▶ [The task] What is needed is an exact repetition of the lines below, from the first one through the one holding "перший шлюб помилкою", with no pictures and nothing else.

------------------------------------------------

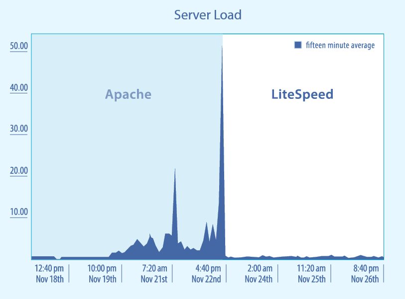 Comparando Litespeed con Apache, si actualmente utilizas apache puedes duplicar la capacidad de ambos, Litespeed puede manejar multiples clientes a la vez consumiento la minima cantidad de recursos, esta es la mejor opción, mucho más compatible y se obtiene un servidor más potente, compatible y blindado a nivel de seguridad.
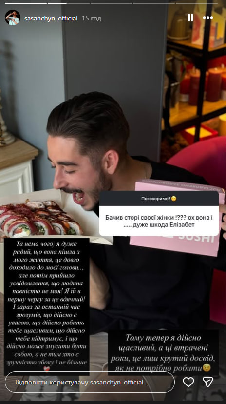 "Довго доходило". Сасанчин, який одружився в 19 років, назвав свій перший шлюб помилкою
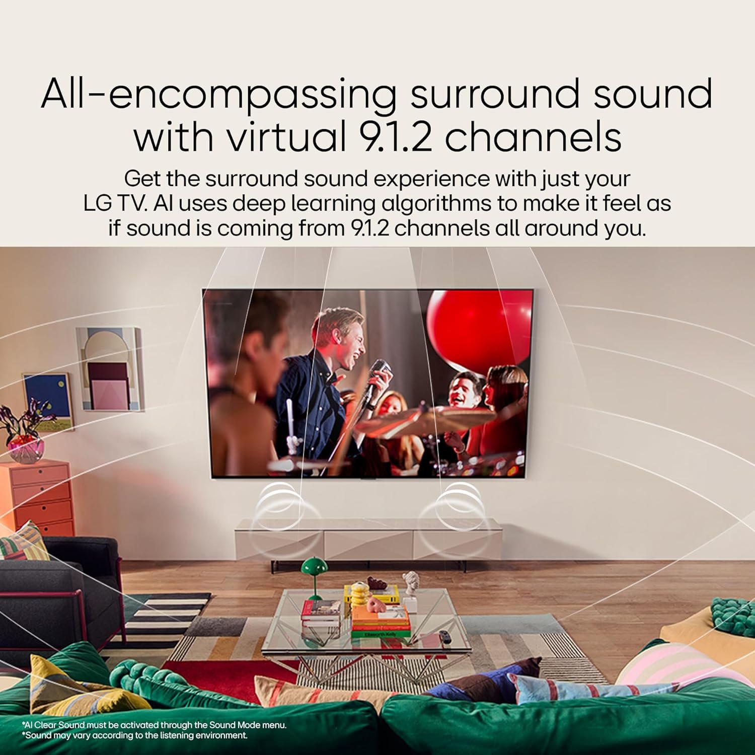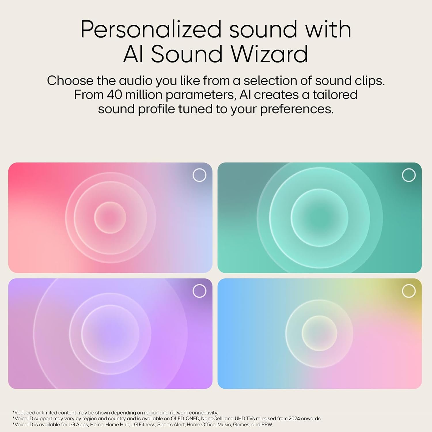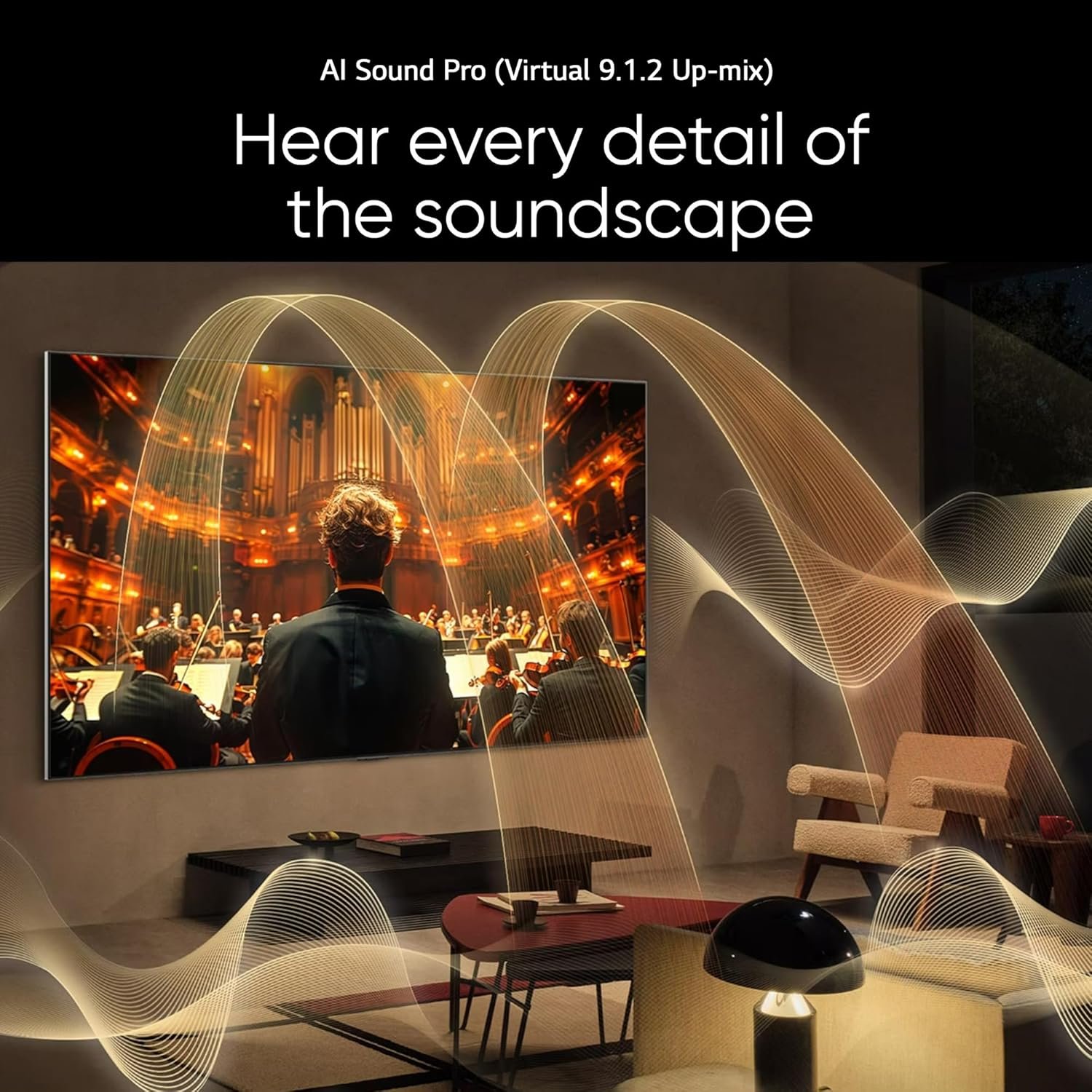 • Sound: 20 Watts Output | AI Sound Pro (Virtual 9.1.2 Up-mix) | Dolby Atmos | Clear Voice Pro (Auto Volume Leveling) | AI Acoustic Tuning | LG Sound Sync | Bluetooth Surround Ready (2 Way Playback) | WOW Orchestra| Down Firing Speakers
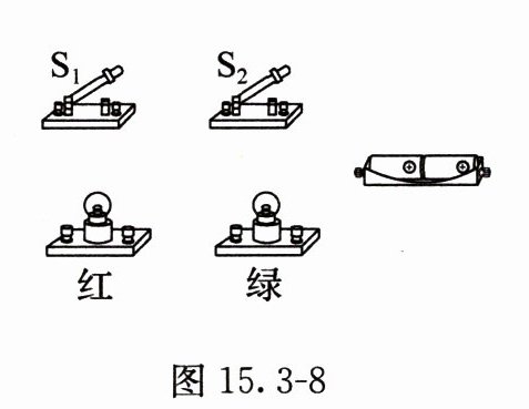 7. 根据以下要求,设计电路图,将设计好的电路图画在虚线框中,并在图15.3-8中用笔画线表示导线连接相应的实物电路,注意连线不要交叉。要求:
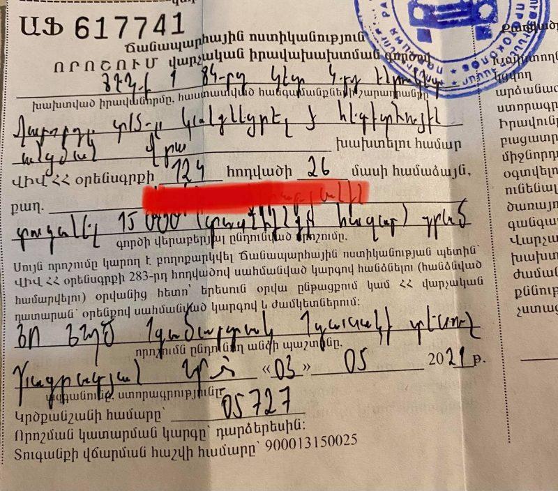 Քանի որ որոշ լրատվամիջոցներ կարևորել են այդ «դեպքը» և վերահրապարակել իրենց մոտ, շահարկումները կանխելու համար անհրաժեշտ եմ համարում տեղեկացնել, որ ՃՈ կողմից կազմվել է համապատասխան արձանագրություն, և վարորդս տեղում վճարել է տուգանքը։
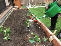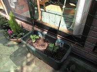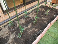 今日は昨日買ってきた苗を中庭の畑に植えてもらっています。
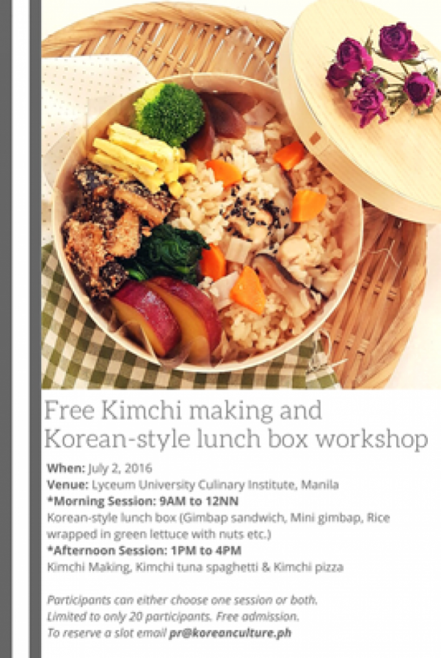The Korean Cultural Center in the Philippines has partnered with Lyceum Philippines University Culinary Institute to hold a free Kimchi making and Korean-style lunch box workshop on July 2.
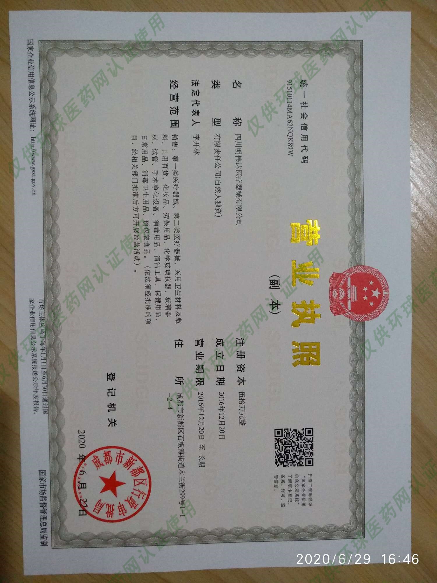 四川明偉達(dá)醫(yī)療器械有限公司成立于2016年12月20日,注冊地位于成都市新都區(qū)石板灘街道木蘭街299號1-1-2-4,法定代表人為李開林。經(jīng)營范圍包括銷售:**類醫(yī)療器械、第二類醫(yī)療器械、醫(yī)用衛(wèi)生材料及敷料、日用百貨、化妝品、勞保用品、化學(xué)玻璃儀器、玻璃器材、試管、手術(shù)凈化設(shè)備、消毒用品、清潔工具、保健用品、日常用品、消毒衛(wèi)生用品、預(yù)包裝食品。(依法須經(jīng)批準(zhǔn)的項(xiàng)目,經(jīng)相關(guān)部門批準(zhǔn)后方可開展經(jīng)營活動(dòng))。

------------------------------------------------

▶ [Solved problem]
 Comparando Litespeed con Apache, si actualmente utilizas apache puedes duplicar la capacidad de ambos, Litespeed puede manejar multiples clientes a la vez consumiento la minima cantidad de recursos, esta es la mejor opción, mucho más compatible y se obtiene un servidor más potente, compatible y blindado a nivel de seguridad.
 "Довго доходило". Сасанчин, який одружився в 19 років, назвав свій перший шлюб помилкою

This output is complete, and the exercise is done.